As I've grown and learned and experienced more of life, I've met more women like me, women who have children and love them fiercely but don't feel the innate nurturer feelings they've been told all their lives are a part of their natural make up. I've also met incredibly nurturing men that turn the idea of nurturing as innately female on its head.

When I found this one, I married him.

The more I examine the issue, the more I think the woman = nurturer thing might not actually be true. Maybe we're all just who we are regardless of gender, and maybe there's nothing wrong with acknowledging that.

I spent a lot of my life wondering why I didn't get the mom that kissed boo-boos and sang lullabies and found fulfillment in speaking baby talk to small children. (She approaches babies with a stern, "Hello.

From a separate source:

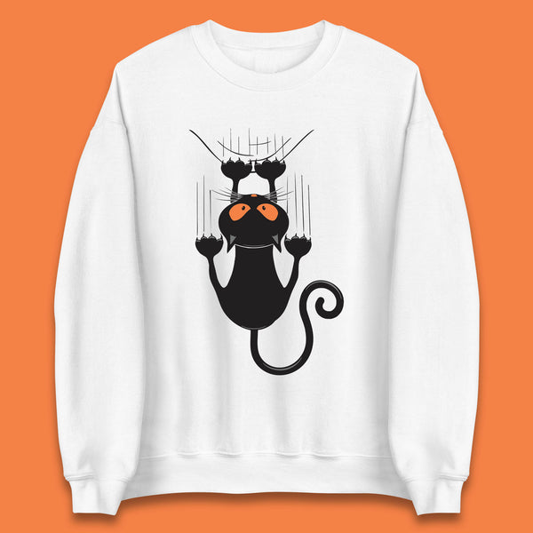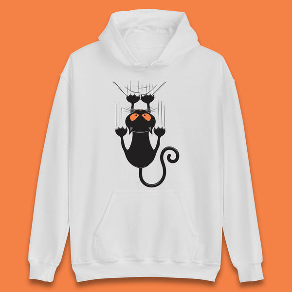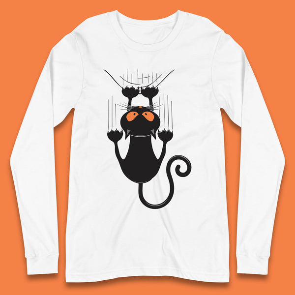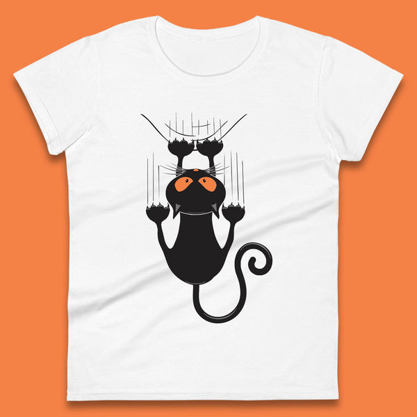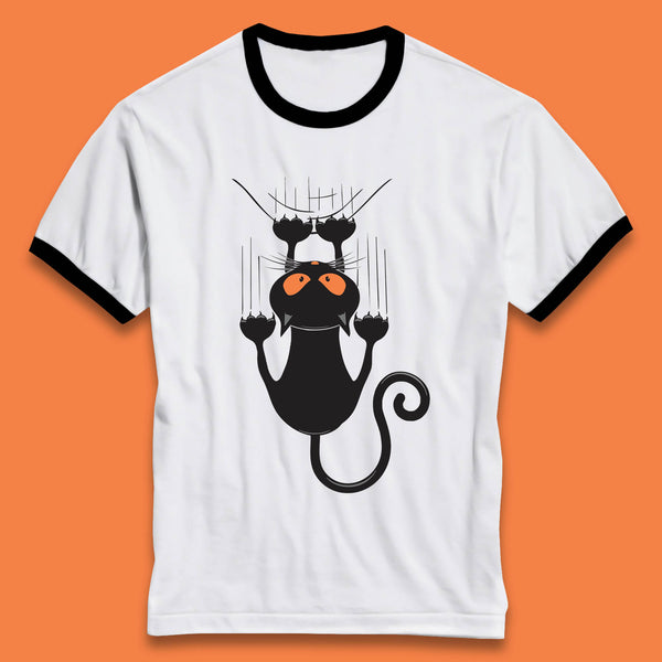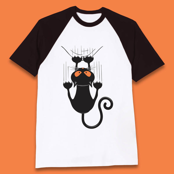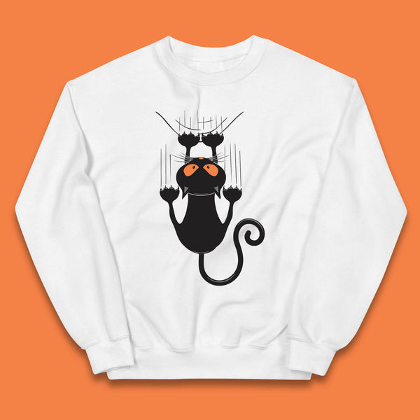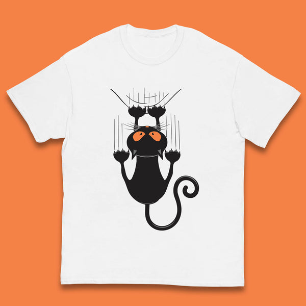 Black Cat Cartoon Scratching Climbing Wall Halloween Horror Scary Black Cat Spooky Season Kids T Shirt

How are you today?" Not even kidding.) Spending all that time wondering why she wasn't the mother everyone said mothers are supposed to be kept me from appreciating the mother that she was...a mom who did sing with us, a mom who taught us to work, a mom who tried hard to protect our vocal cords by modeling good vocal cord behavior (this consisted of her never screaming at any sporting events, opting for a long, high, sustained operatic tone. It was gorgeous and massively embarrassing, but her pipes are in great shape.)

Yeah...that's about what it looked like...
Worrying that I'm not the nurturing mom so many assume I should naturally be keeps me from appreciating the mom I actually am...a mom who has presided over weekly "Bad Manners Night" dinners for 9 years running, a mom who blasts Weird Al from the car with the windows down and dances in the driver's seat like an idiot whenever the kids request it, a mom who looks for ways to teach her kids through embarrassment only to find her kids are more than happy to join in the fun.

To be fair, they probably get that from their aunts.

Or their uncle...

Or their mom.

If you're a woman, a mom, and you're not a natural nurturer, it's about time to stop beating yourself up and start appreciating the mom you are. We can't all be baby-talking, lullabye-singing boo-boo kissers. Some of us have other talents to contribute.

I'd say not shooting up shopping malls is a more than valuable contribution to society.

1 comments:

Shannon Brown said...

Oh my goodness this is me!!!! I was also raised by a Mother from Iowa as well!!!! Finally I don't feel so alone!!!!! Thank you!!!! If I was the mushy type I would probably cry!!!
Oh by the way I am also a close friend of your sister!!